● **Problem details**: Transcribe the listing in full, word for word; pictures do not belong in the copy.

● **Given material**:
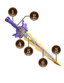 | ③Gold Slave | 暗黑剑月暗的剑刃 在暗黑的深渊中经过漫长岁月打磨的金黄色之刃,拥有越面向光锋利度便越高的特性 在优秀的使用者手中甚至连空间都能切裂 |
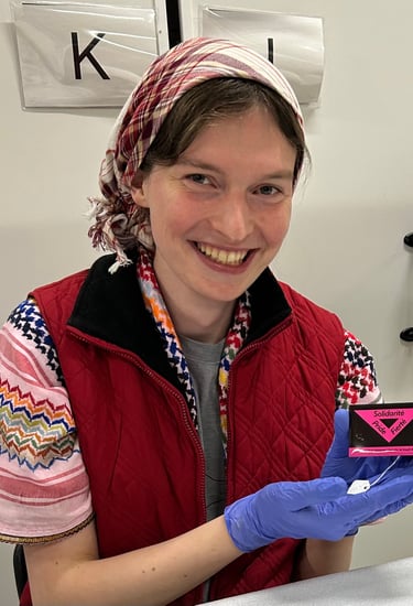 Gabannette holds a belonging that she is cataloguing.
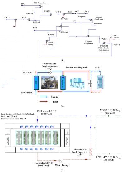 Process flow diagram of LNG receiving terminal combined with a data centre using an IFV: (a) The simulation of data centre using an IFV, (b) Improved refrigeration system with LNG cold energy utilisation, (c) Schematic configurations of data centre using an IFV.

● **Output for this exercise**:
 | ③Gold Slave | 暗黑剑月暗的剑刃 在暗黑的深渊中经过漫长岁月打磨的金黄色之刃,拥有越面向光锋利度便越高的特性 在优秀的使用者手中甚至连空间都能切裂 |
 Gabannette holds a belonging that she is cataloguing.
 Process flow diagram of LNG receiving terminal combined with a data centre using an IFV: (a) The simulation of data centre using an IFV, (b) Improved refrigeration system with LNG cold energy utilisation, (c) Schematic configurations of data centre using an IFV.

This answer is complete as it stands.